Compact-Transformers
Compact-Transformers copied to clipboard
Order of `LayerNorm` & `Residual`
First of all, thanks for your amazing work!
And it seems that your TransformerEncoderLayer implementation is a bit different from the 'mainstream' implementations, because you create your residual link after the LayerNorm procedure:
https://github.com/SHI-Labs/Compact-Transformers/blob/3f3d093746bc58213d9e9af4431242d305717855/src/utils/transformers.py#L96-L99
However, from the original paper of ViT and many other implementations, the residual link is created before the LayerNorm procedure:
src = src + self.drop_path(self.self_attn(self.pre_norm(src)))
src2 = self.norm1(src)
src2 = self.linear2(self.dropout1(self.activation(self.linear1(src2))))

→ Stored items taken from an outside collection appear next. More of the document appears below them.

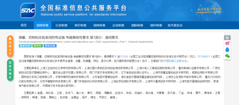 據(jù)全國標準信息公共服務平臺近日公布,GB/T 18268.1-2025《測量、控制和實驗室用的電設備 電磁兼容性要求 第1部分:通用要求》推薦性國家標準批準發(fā)布,該標準即將替代GB/T 18268.1-2010,于2026年1月1日起正式實施。據(jù)悉,該標準等同采用IEC國際標準:IEC 61326-1:2020。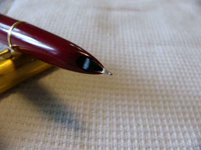 Авторучка мало была в использовании. На пере имеются небольшие вмятинки, не влияющие на качество письма.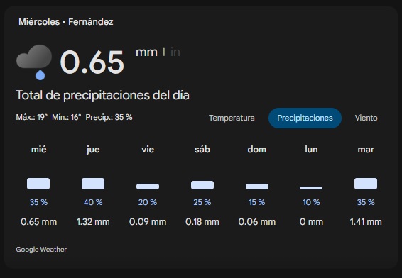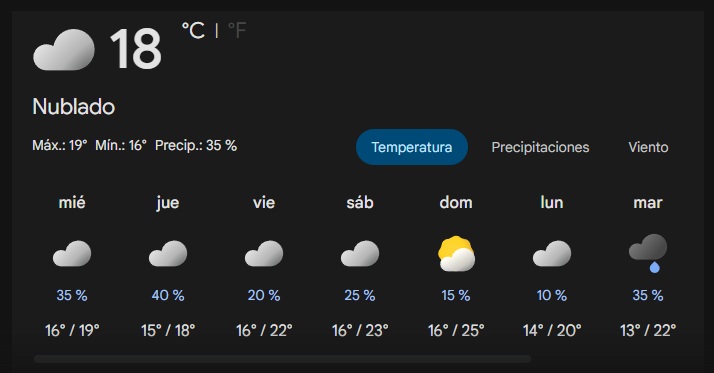 A partir del viernes 24, el panorama comienza a mejorar. Si bien el cielo se mantendrá nublado, las probabilidades de lluvia caen drásticamente a un 20%. La temperatura iniciará un leve ascenso, alcanzando los 22°C, marcando el final de las condiciones adversas.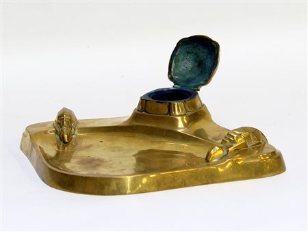 Calamaio liberty in ottone decorato con animali stilizzati, iscritto sotto la...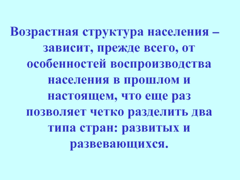 Слайд 136Возрастная структура населения – зависит, прежде всего, от особенностей воспроизводства населения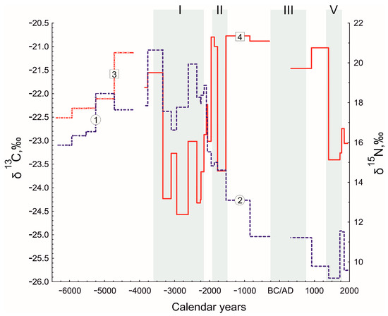 When comparing δ13C and δ15N records with the dynamics of the climate in Israel, it is necessary to consider the published palaeoclimatic data. The sources of palaeoinformation are a wide range of natural objects: the sediments of the Mediterranean, the Red Sea, the Dead Sea and the Sea of Galilee [42,43,44,45,46,47,48,49,50,51,52], palaeosoils [53], speleothems [54,55,56], land snail shells [57], corals [58], cave deposits [59], wood, which is preserved in the archaeological sites and caves [60,61] and the rings of juniperus [62]. According to this literature, the climate in Israel was not stable. Four main humid periods (I—the middle of the 4th millennium–the end of the 3rd millennium BC, II—the 1st half of the 2nd millennium BC, III—the 2nd half of the 1st millennium BC–the 1st half of the 1st millennium AD and IV—the middle of the 2nd millennium AD) and some driest events can be distinguished on the basis of palaeoclimatic data over the past 8500 years (at about 6200, 5700, 2200–1900, 1500, 200 cal yr BC and 500 and 800 cal yr AD and nowdays).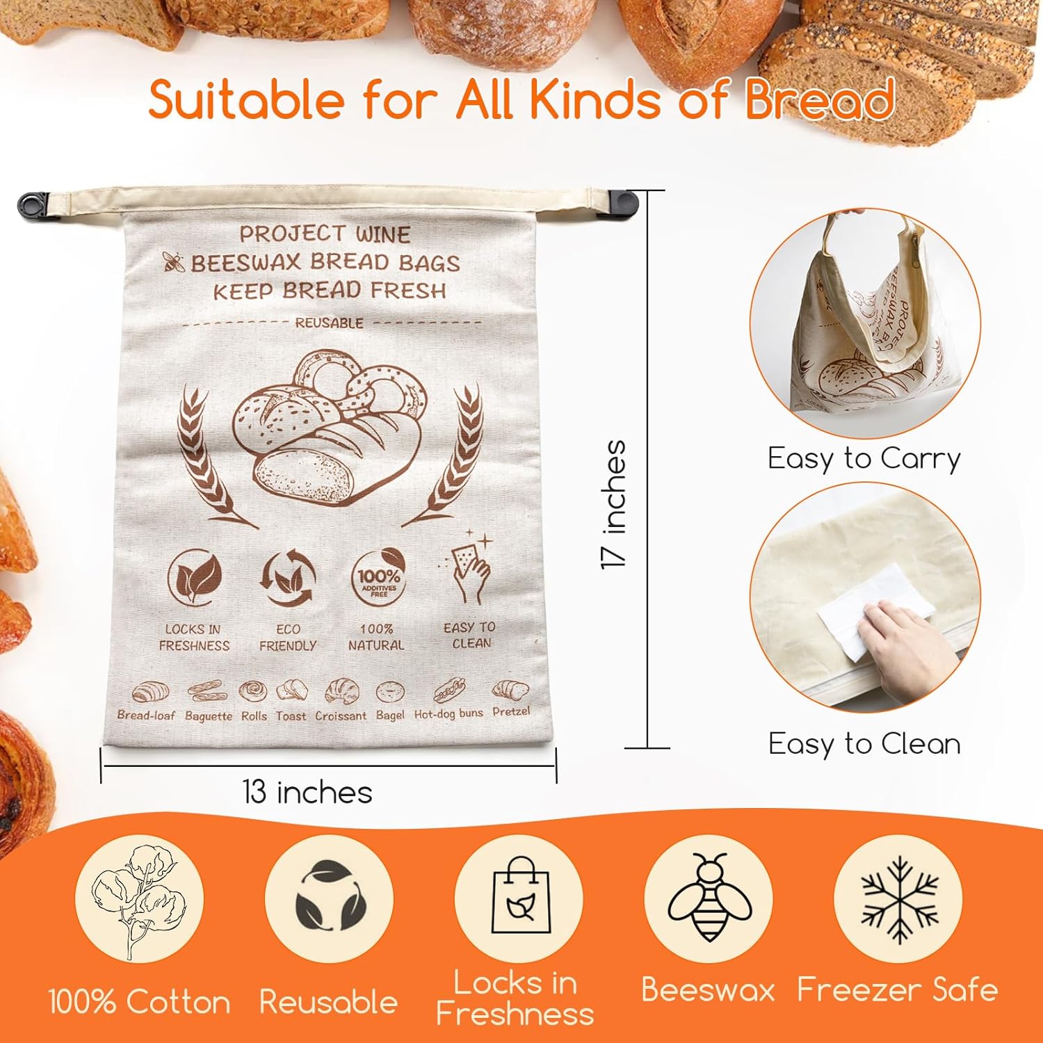 Optimal Freshness Retention: Made from breathable linen combined with an organic beeswax lining, these bread bags form a breathable barrier that locks in moisture, helping to keep your sourdough bread and other baked goods fresh. Generously sized at 13×17 inches, they accommodate various types of bread.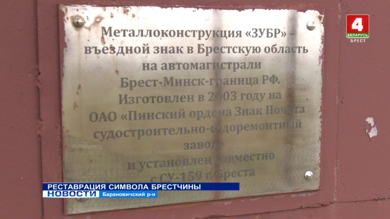 Гигантский зубр стоит на 250-м км трассы М1 на въезде в Брестскую область почти 20 лет. Скульптуру изготовили в 2003 году на Пинском судостроительно-судоремонтном заводе. Высота — 30 м, вес — 70 т. ТРК «Брест» называет другие цифры: высота — порядка 25 метров, длина — 27 метров, вес — около 60 тонн.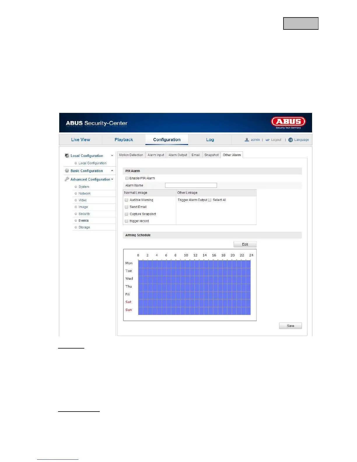 You can specify a name for the alarm input here. Do not use the alarm input number or any special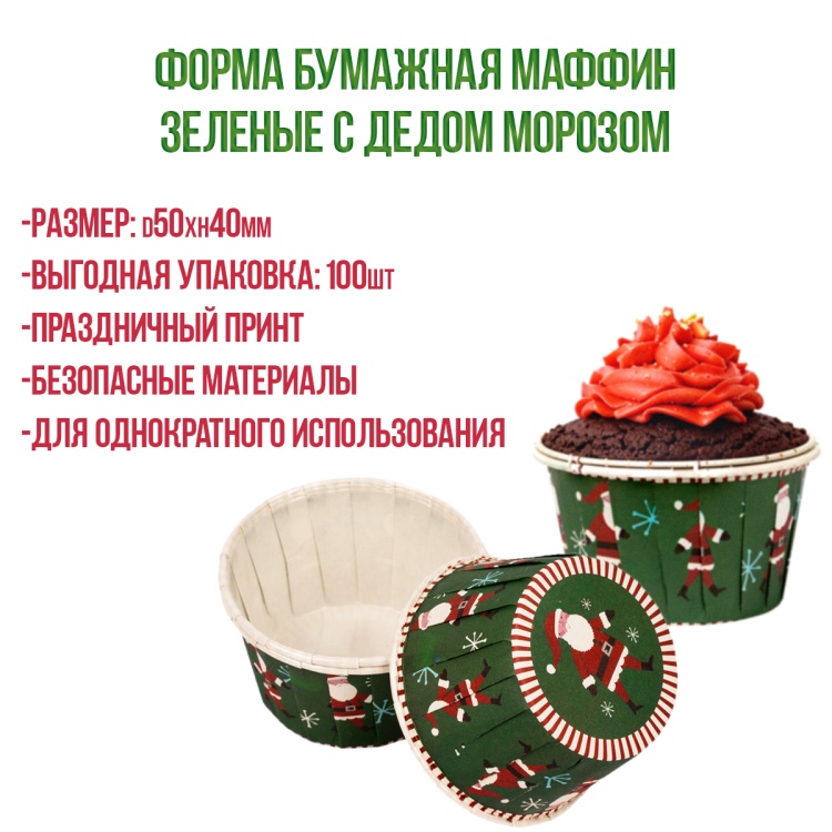 Форма бумажная Маффин Зеленые с дедом морозом (d50хh40мм), 100 шт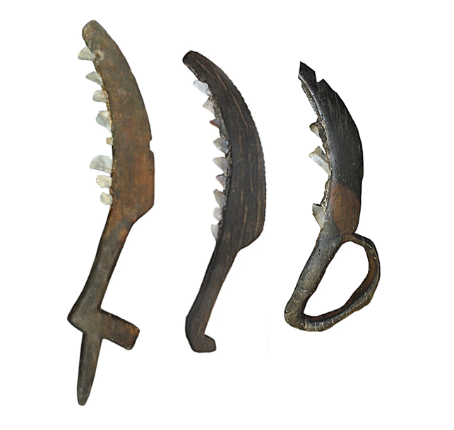 L’analisi ha riguardato tre falcetti eccezionalmente conservati e completi di denti in selce e di mastice utilizzato per fissare le lame. Dall’esame è risultato che i manici erano fatti in legno di quercia e di una pianta della famiglia Maloideae (probabilmente un albero da frutto), mentre per il mastice è stata usata resina di pino mescolata con polvere di carbone. Lo studio delle usure presenti sui denti in selce ha poi confermato che gli strumenti furono principalmente usati per tagliare grano domestico, probabilmente raso suolo, per poter raccogliere l’interezza della paglia.
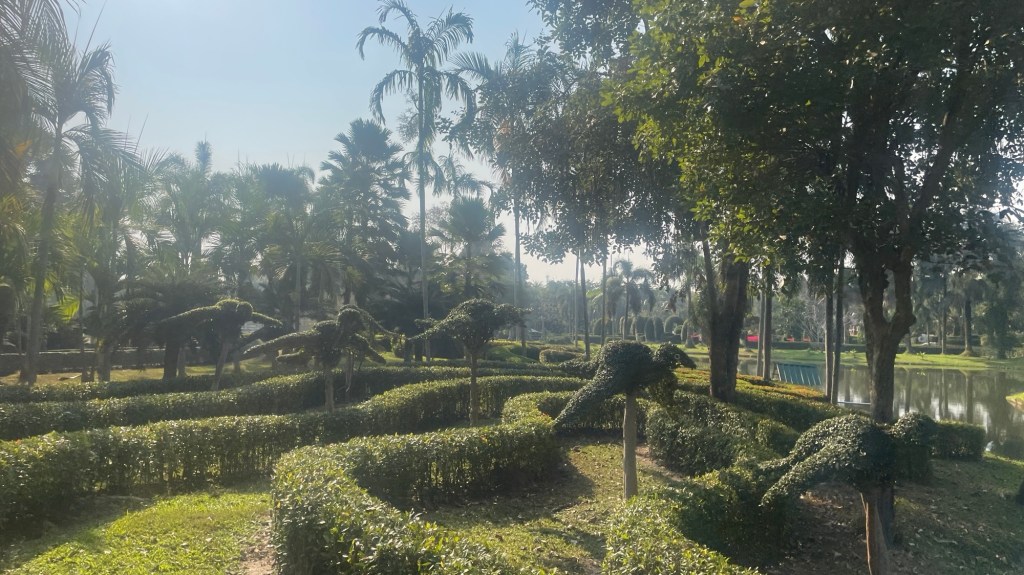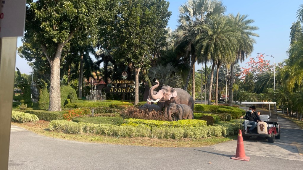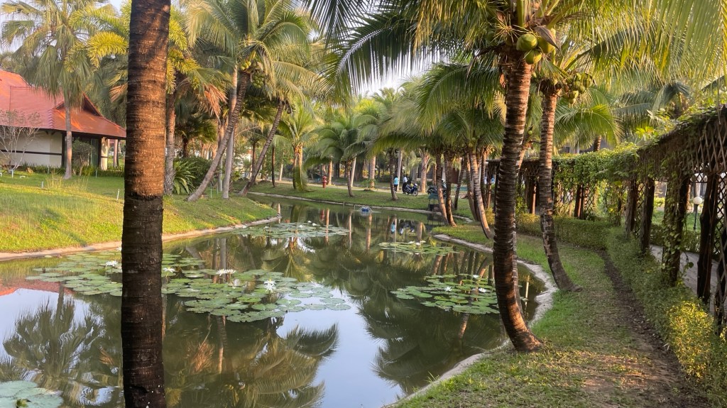 It was hard to see much of the landscape of the city between the ride from the airport to our hotel for the evening in the night air. However, the hotel grounds were a beautiful garden filled with various animals and birds, so in the morning we began to truly experience the sights and sounds of Thailand. The lush palms of the resort were surrounded by the rice fields with single workers planting or checking the crops.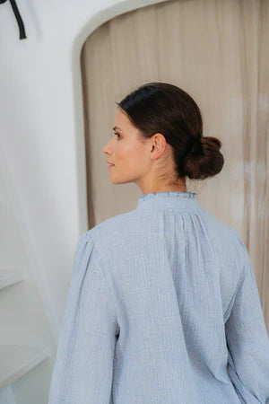 Als je op zoek bent naar een zeer zachte, dubbelzijdige, licht gekreukelde en 100% katoenen pyjama, dan is Ida jouw go-to collectie. Vrouwelijke kraag en geplak aan de voorkant met volledige knopen. Door het dubbelzijdige katoen (beter bekend als "tetra" of "dubbel gaas"), zal de stof meer getextureerd worden bij het wassen. We houden van deze verfrommelde look, maar als je liever hebt dat het weer in vorm wordt gebracht, kun je dat doen door te strijken of te stomen.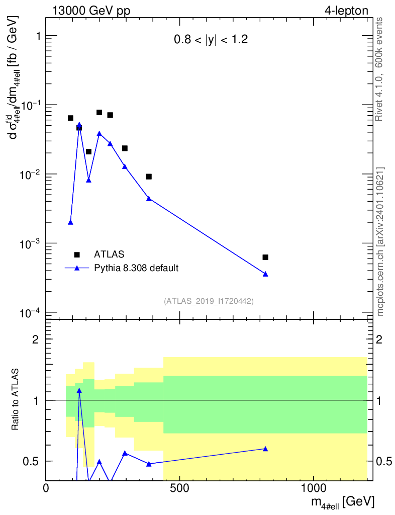 Lines: data, pythia8 8.308 default |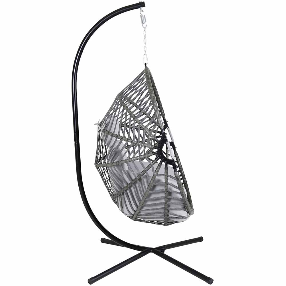 Relax in style with this egg-shaped hanging swing chair by Charles Bentley. Designed in a striking dark grey rope and rattan pattern with luxurious cushioned seating, the outdoor swing chair is sure to be a focal point of your outdoor space. With features like an adjustable headrest for optimum comfort, foldable basket for compact storage with removable and hand-washable cushion covers it promises you convenience and practicality. It also includes a safety belt to ensure a safe and secure environment at all times. The hanging egg chair is great to create a comfortable space to unwind in your back yard or garden. Dimensions: Overall- H203 x D126 x W126cm, pole height- H203cm, base- W126 x D126cm, pole diameter- 4.2 x 2.2cm, basket- H117 x D61cm x W88cm, head cushion- H23 x DTBC x W41cm, seat cushion- H10 x W115 x D105cm, chain- L15 x W2.8cm, spring hook- L14 x 4cm. Protect your garden furniture with our durable and waterproof covers. Explore our wide range of heavy-duty Garden Furniture covers to find the perfect fit for your needs.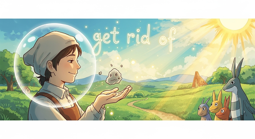 'get rid of'는 원하지 않는 것을 완전히 제거하여 더 이상 그것에 대해 신경 쓰지 않게 되는 상태를 의미하는 구동사입니다.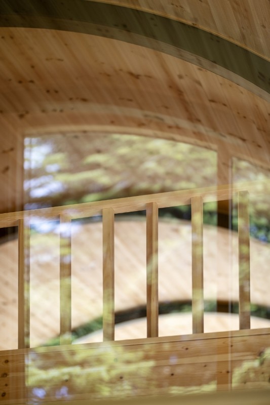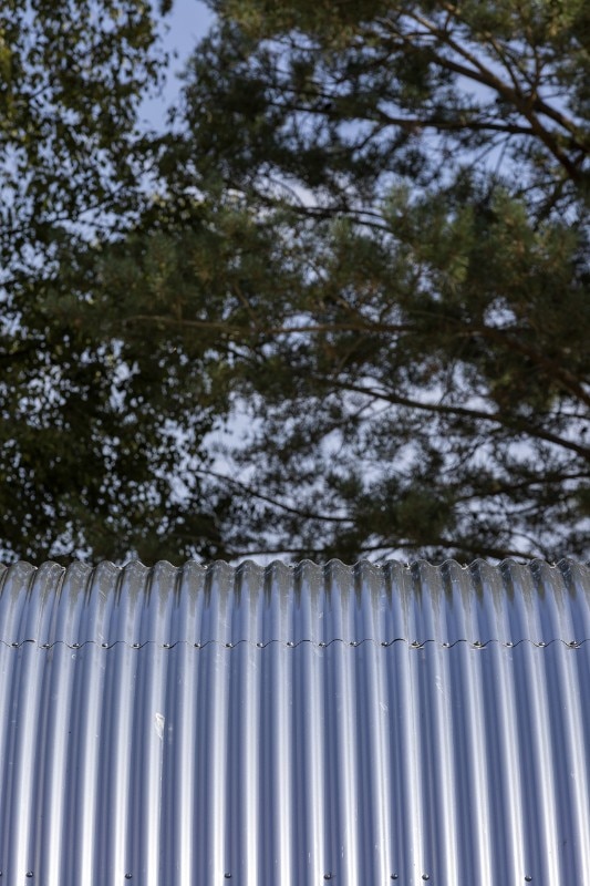Few materials are selected: on the outside, the vertical walls’ wooden planks and the roof’s rolled steel plates emphasize, through their precise, rhythmic chiaroscuro, the directionality of an architecture which seems to be “sliced by meter”, following the required program.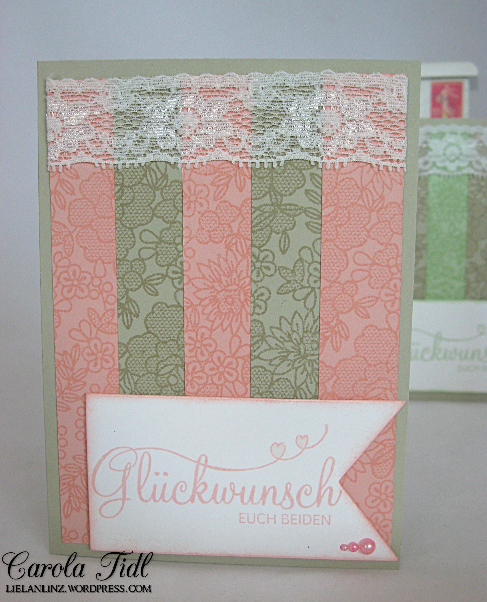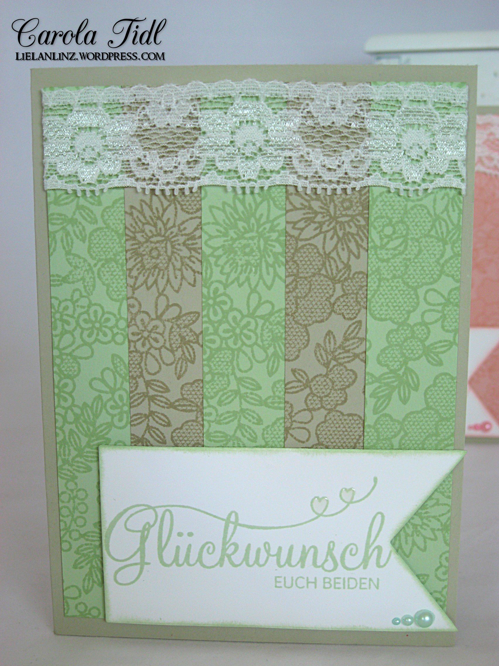 Ich habe mich für Hochzeitskarten entschieden, einmal in der Farbe Pistazie und einmal in Kirschblüte. Das Design ist gestempelt mit dem Hintergrundstempel „Something Lacy“ und der Spruch stammt aus dem Stempelset „Perfekter Tag„.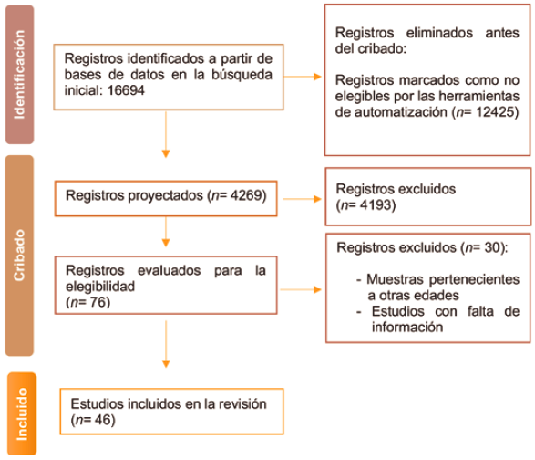 Con base a estos criterios se seleccionaron un total de 46 artículos para su posterior análisis en el siguiente apartado de esta revisión sistemática. Mediante la búsqueda inicial a partir de las diferentes fórmulas de búsqueda indicadas anteriormente se han obtenido un total de 16 694 resultados. A esta primera búsqueda se le aplicaron los filtros pertenecientes a las bases de datos obteniendo así 4269 y, más adelante, se aplicaron los criterios de inclusión y exclusión dando lugar a 76 estudios. Dichos estudios se examinaron manualmente y se seleccionaron 46 artículos. Todo este proceso puede verse en la figura 1.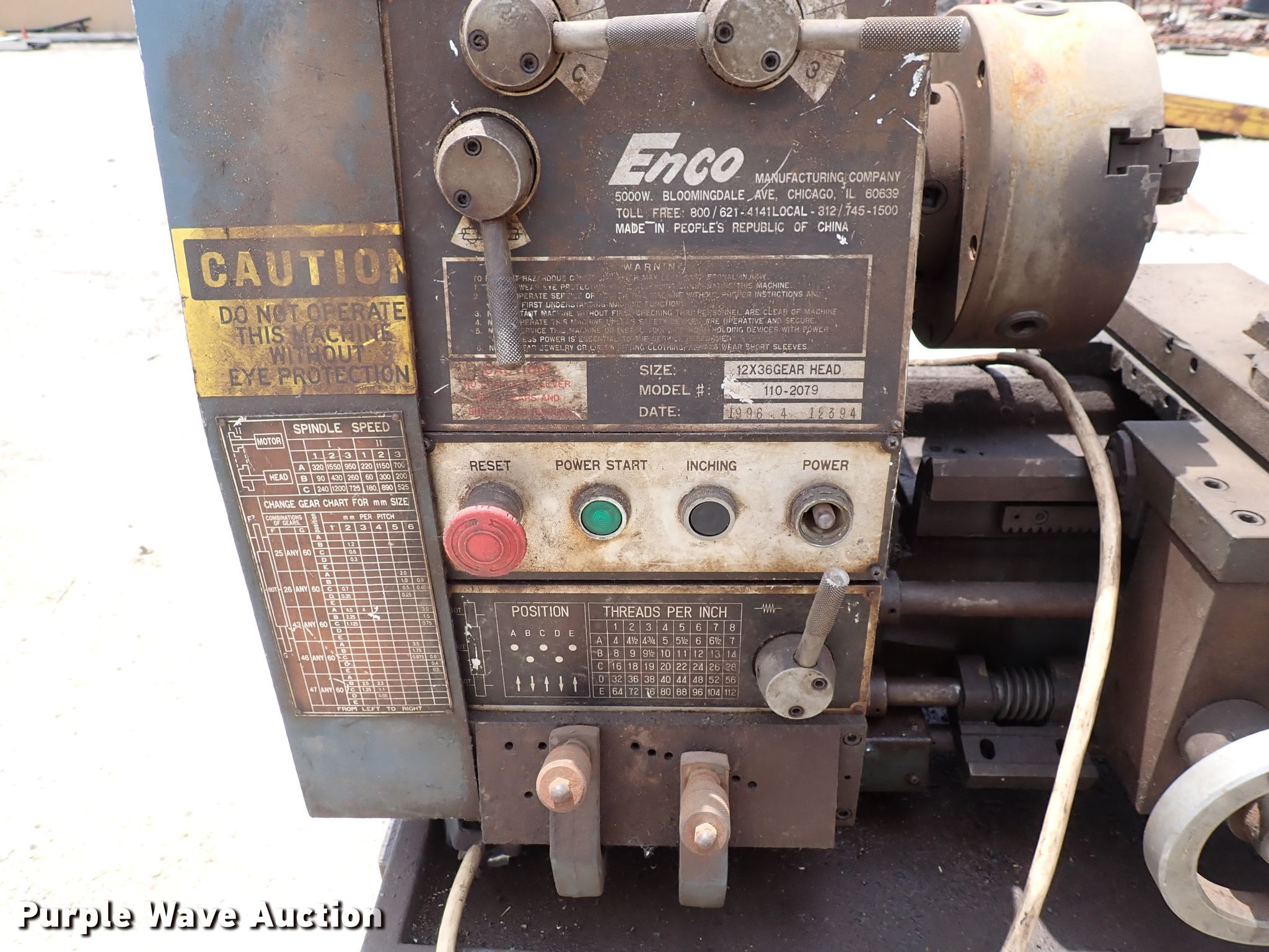 Purple Wave is selling a used Machine Shop Tools and Equip. in Kansas. This item is a Enco 110-2079 lathe with the following: 110/220V, Single phase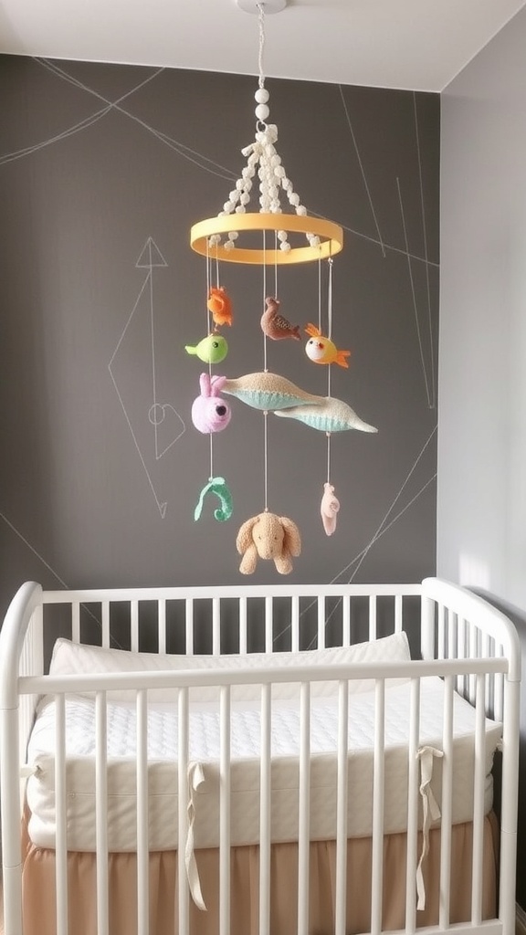 Adding a mobile to your baby girl’s nursery can bring a touch of whimsy and charm. The image showcases a delightful mobile hanging above a cozy crib. Soft colors and playful shapes create a soothing atmosphere, perfect for little ones.

src = src + self.drop_path(self.dropout2(src2))
I'm just wondering whether this is on purpose or some kind of 'typo'? Thanks in advance!
Hi, thank you for your interest.
First off, great catch! This tiny difference was a result of a bad merge in a very old version of our repository.
We were based on PyTorch's nn.TransformerEncoderLayer (at the time did not support pre_norm so we wrote our own), and once we merged branches with the new implementation, those two lines must have not merged correctly.
It should in fact be src2 = self.norm1(src) and src2 should be fed to linear1 in the following line.
However, after running a couple of experiments, we did not find that this change impacts the performance of the network to a noticeable degree. Most runs were well within the margin of error.
Changing this now will break our current checkpoints and we want to maintain reproducibility. We will continue to investigate the issue.
Again, thank you for bringing this to our attention!
Closing due to inactivity.
Just to note: pre-norm vs post-norm is mostly about stability. Pre-norm gradients are smaller than post-norm gradients.